● **WORK TO BE COMPLETED**: Every line from the one with "檢查過程中,工作人員來到江蘇" through the final line of the data below goes in the answer, copied exactly. Pictures do not.

● **RECORDS SHOWN**:
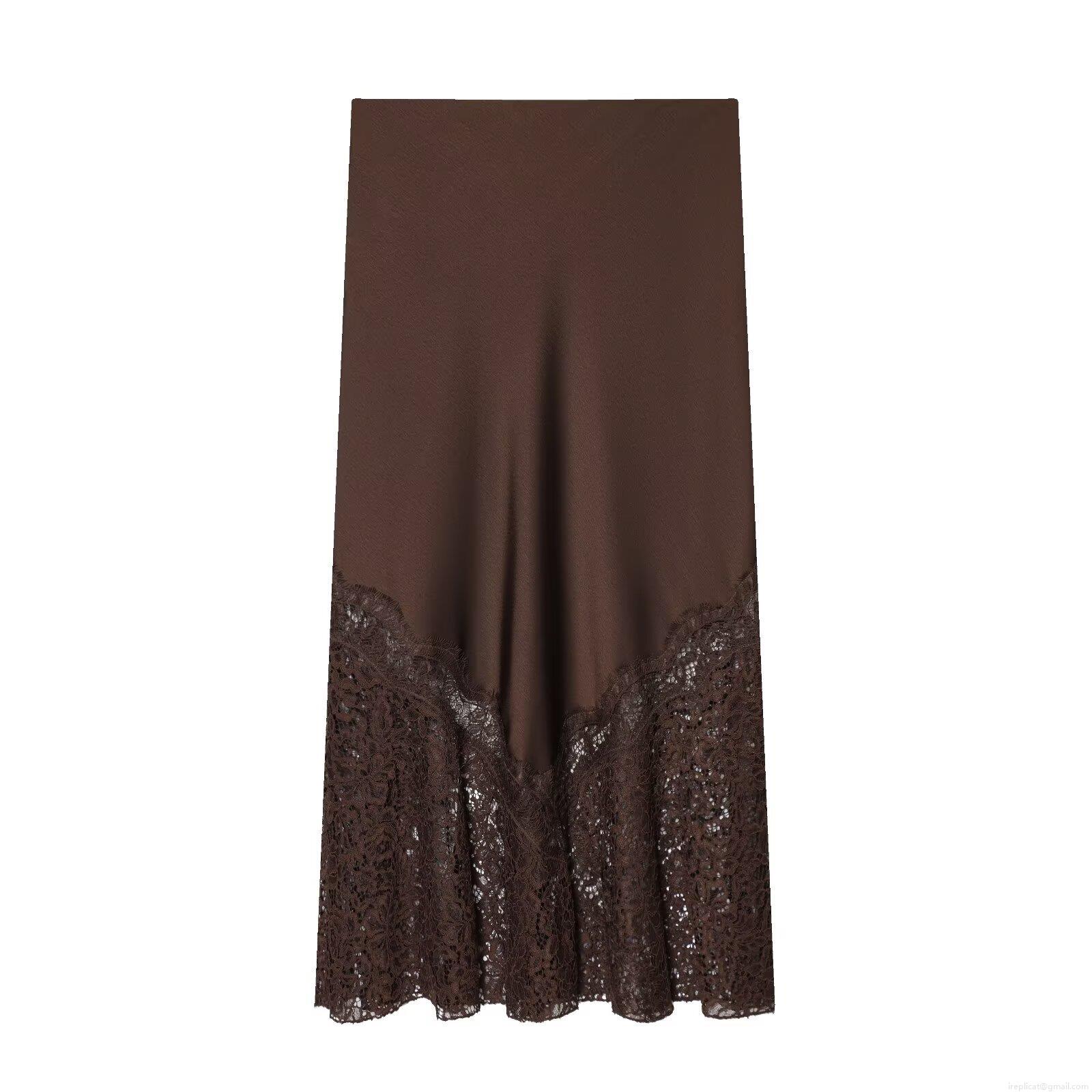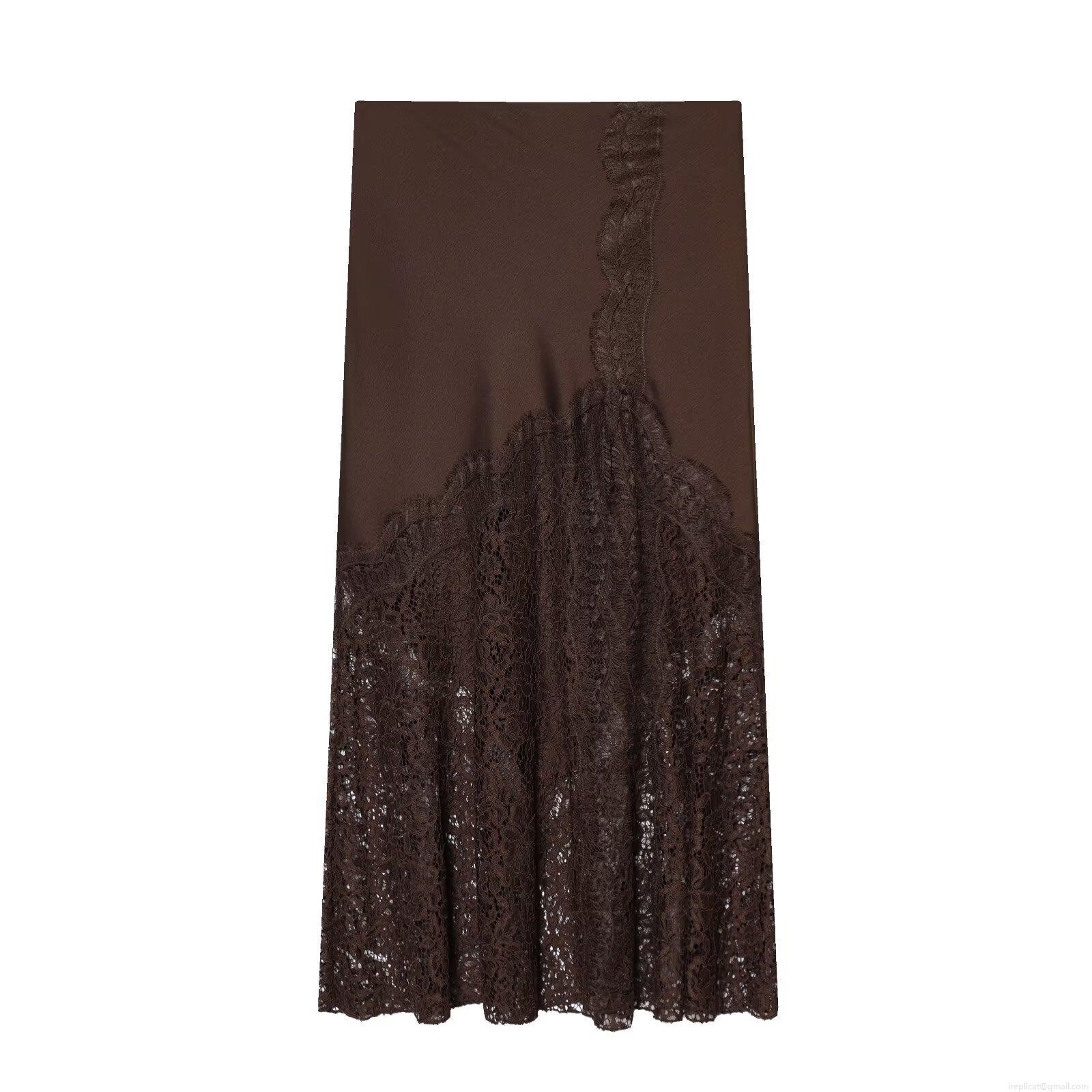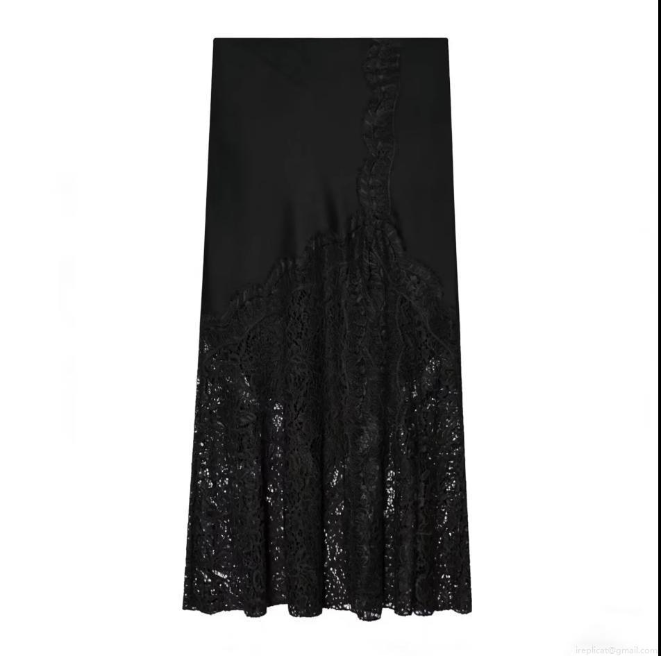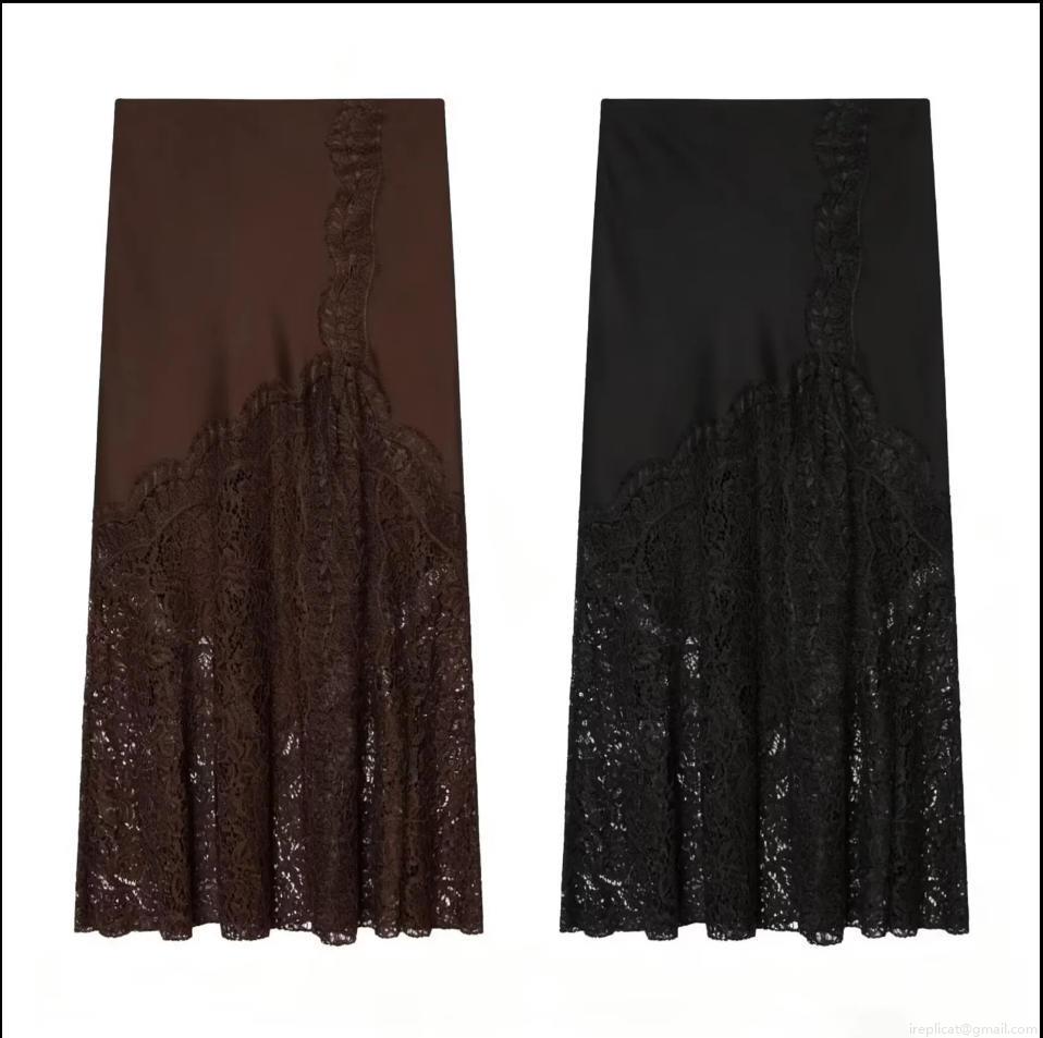 Women's Sexy Satin Midi Skirt Lace Patchwork High Waist Side Zipper Elegant Streetwear Solid Color Long Skirt For Women Party Date Office Daily Wear
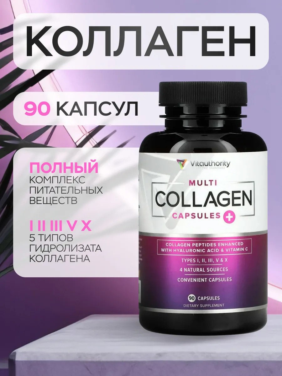 Витамины Vitauthority мульти Коллаген - содержит 5 типов пептидов коллагена премиум-класса в быстро усваивающихся капсулах,а также гиалуроновую кислоту и витамин C, которые работают на клеточном уровне, помогая поддерживать здоровье костей, суставов и пищеварения, придавая волосам, коже и ногтям молодой вид.Витаминный комплекс объединяет 5-коллагеновые пептиды в эффективную смесь 100% говядины, курицы, яичной скорлупы и морских источников коллагена, включая коллаген I, II, III, V и X типов для получения максимальной выгоды. Доказано, что коллаген типов I, III и V помогает уменьшить целлюлит и морщины, поддерживая эластичность кожи и увлажнение. Здоровье суставов и костей: Коллаген типов II и X поддерживает кости, сухожилия и соединительную ткань, делая суставы более здоровыми и безболезненными. Удобная порция по 3 капсулы; Всего 3 капсулы в день для здоровья волос, кожи, ногтей и суставов!
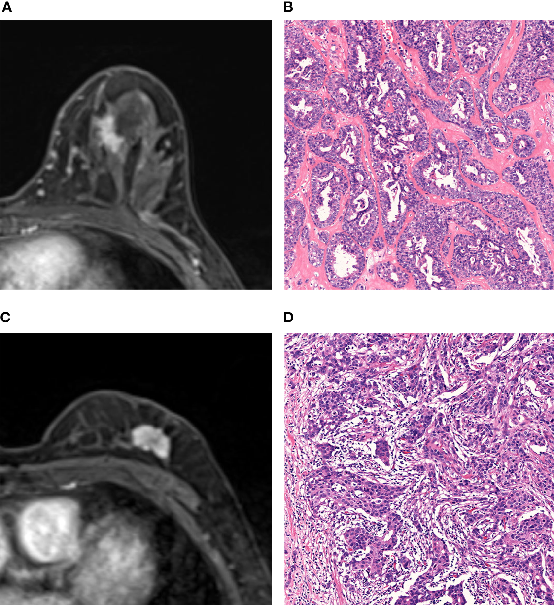 MRI and histopathologic findings of two cases of SA and IDC. (A, B) MRI and histopathologic findings of a 47-year-old woman with SA. The DCE-MRI image showed an irregularly shaped mass with spiculated margin and heterogeneously enhancement (A). The lesion was classified as malignant by BI-RADS analysis and benign by radiomic analysis. Histopathological examination proves SA (Hematoxylin-eosin staining; original magnification×100) (B). (C, D) MRI and histopathologic findings of a 66-year-old woman with IDC. The DCE-MRI image showed an irregularly shaped mass with lobulated margin and heterogeneously enhancement (C). The lesion was classified as malignant by both BI-RADS analysis and radiomic analysis. The histopathologic result was IDC (Hematoxylin-eosin staining, original magnification×100) (D).
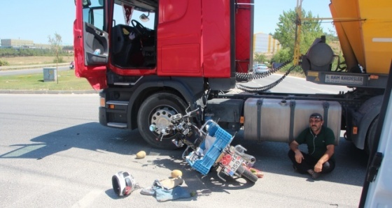 TIR sürücüsü kazanın şokunu üzerinden atamayarak, kulağında kulaklık ile bir süre yerde oturarak, 112 ekiplerinin yaralıya müdahalesini izledi. Daha sonra kaza anını anlatan TIR sürücüsü Yolcu, seyir halindeyken hızla karşıdan gelen motosikletin TIR'a çarptığı ifade ederek, "Tekerleklerin altına girseydi ben ne yapardım" diye konuştu. TIR ve motosiklet kaza yerinden kaldırılırken, TIR sürücüsü Yolcu, ifadesi alınmak üzere Çarşı Polis Merkezi Amirliğine götürüldü. Kazayla alakalı tahkikat sürüyor.
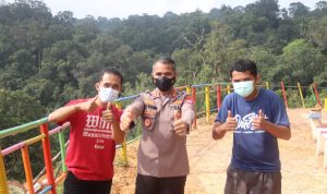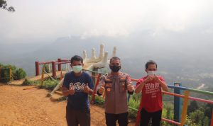 Saat mengeksplor Negeri di Atas Awan, Gunung Luhur Kabid Humas Polda Banten menyapa wisatawan dari Kramatwatu Kota Serang Ronal dan Salomo
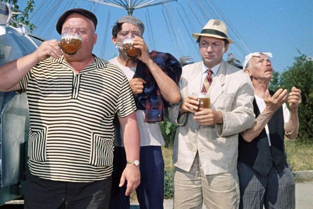 Поэтому для съемок эпизода с пивом он потребовал налить ему просто настойку шиповника. Но Гайдай рассудил иначе. Мэтр резонно заметил, что такая настойка в кружке не пенится и уговорил-таки актера в кадре выпить настоящий напиток. Сцену сняли с одного дубля.
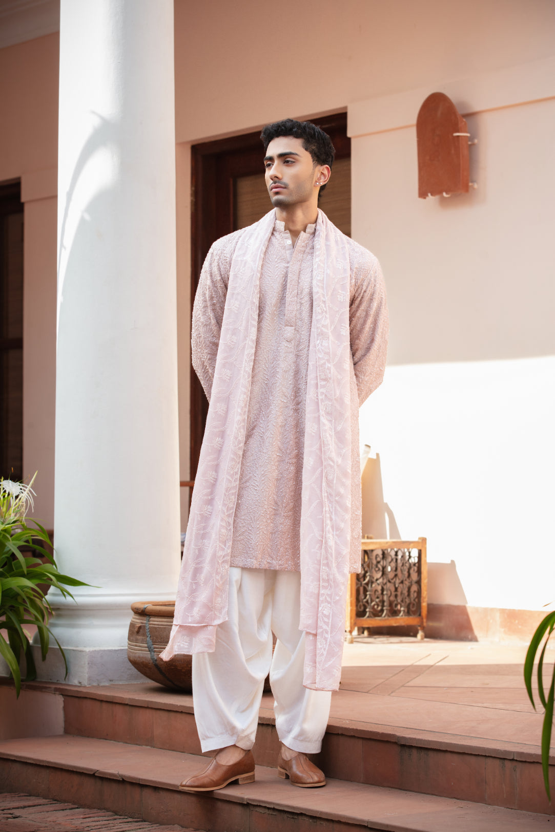 Kurta & Dupatta- Dusty Rose, Salwar - Off White
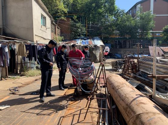 檢查過程中,工作人員來到江蘇天目建設(shè)集團(tuán)有限公司,對(duì)企業(yè)內(nèi)各類設(shè)備進(jìn)行了全面檢查,重點(diǎn)檢查了氣瓶存放、消防設(shè)施、燃?xì)夤艿?、油漆存?chǔ)等,及時(shí)排查和消除安全隱患。
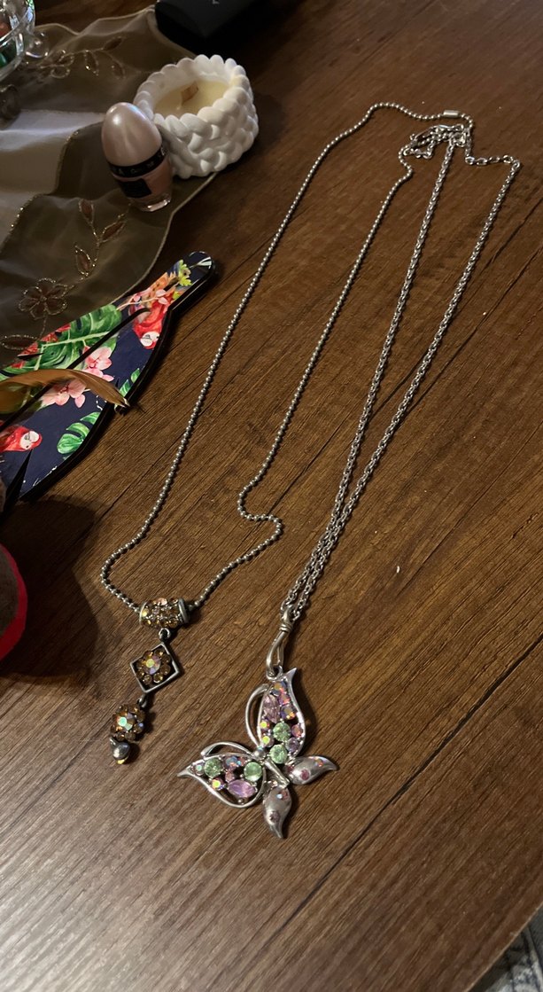 Uzun zincirli, renkli nakışlı kelebek ve geometrik figürlü kolye, bohem vintage tarzını yansıtır ve günlük kullanıma uygundur.

● **COMPLETED TASK**:
 檢查過程中,工作人員來到江蘇天目建設(shè)集團(tuán)有限公司,對(duì)企業(yè)內(nèi)各類設(shè)備進(jìn)行了全面檢查,重點(diǎn)檢查了氣瓶存放、消防設(shè)施、燃?xì)夤艿?、油漆存?chǔ)等,及時(shí)排查和消除安全隱患。
 Uzun zincirli, renkli nakışlı kelebek ve geometrik figürlü kolye, bohem vintage tarzını yansıtır ve günlük kullanıma uygundur.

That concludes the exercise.